DIRECTIONS: Find the line containing "smooth surface. |" in the material below, then please transcribe it and each line after it exactly, without the pictures.

DATASET SECTION:
▼▼▼

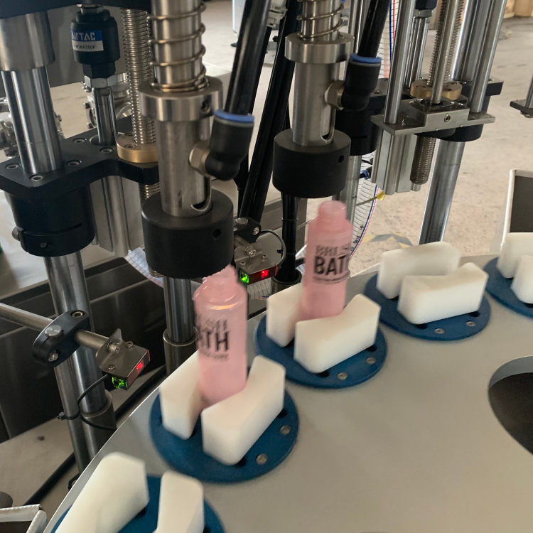 機(jī)器特點(diǎn):湖州水乳膏灌裝旋蓋機(jī),包括帶有灌裝接頭的灌裝機(jī)構(gòu)、灌裝流水線以及沿灌
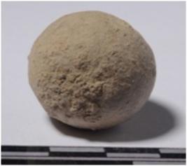 | Description / विवरण | A stone sling ball, round in shape of smooth surface. |
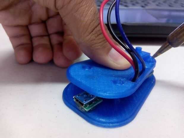 - Luego de esto se va a montar la pieza va en medio para sostener el DS18B20 y sirve de soporte. Notar los cables se están pasando de forma integración por el hueco!!!.
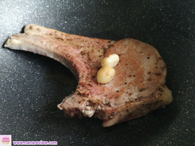 พอกระทะร้อน วางชิ้นสเต็กลงไป 3-4 นาที แล้วพลิกอีกด้านต่ออีก 3-4 นาที สเต็กจะสุกถึงด้านใน

▲▲▲

SOLUTION TO THE EXERCISE:
 | Description / विवरण | A stone sling ball, round in shape of smooth surface. |
 - Luego de esto se va a montar la pieza va en medio para sostener el DS18B20 y sirve de soporte. Notar los cables se están pasando de forma integración por el hueco!!!.
 พอกระทะร้อน วางชิ้นสเต็กลงไป 3-4 นาที แล้วพลิกอีกด้านต่ออีก 3-4 นาที สเต็กจะสุกถึงด้านใน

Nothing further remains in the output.